Thermal storage systems such as cold thermal energy storage, partial thermal storage systems, thermal ice storage, and chilled water storage may allow for a reduction in smaller system equipment, which will reduce the amount of water required along with the potential to save energy and costs.
Similar to the reuse systems that we touched on under plumbing methods, condensate discharge and blowdown from air conditioning equipment can be collected, treated, and reused for irrigation purposes.

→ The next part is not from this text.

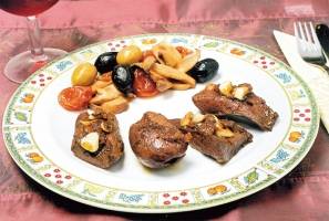 Inima de vitel cu prune, ciuperci si masline

Landscape and site methods: Water for landscaping use is often the most pervasive consumer of water on any type of building—and up to as much as 70% for some building types (see Figure 1). Many older U.S. cities and towns consider and dispose of rainfall as waste, which is funneled directly from roof gutters and paved surfaces to combined sewer systems (wastewater and stormwater), leading to increased cost in stormwater management. Rather than getting rid of stormwater as quickly as possible, a sustainable approach to stormwater management involves finding ways to harvest it on-site and using it for irrigation and groundwater recharge.
To maximize irrigation efficiencies, landscape designers should group plants with similar water needs together and use native or non-native vegetation appropriate for site conditions and climate. Plumbing engineers should specify efficient irrigation systems and choose climate-based and “smart” controllers for irrigation systems.
Wetland sites can help capture and treat wastewater for nonpotable water reuse while providing a natural ecosystem for plants and animals. These microsystems efficiently remove nutrients and solids from black wastewater, resulting in high-quality effluent. The effluent is then filtered and disinfected, leaving it ready for reuse in the form of greywater.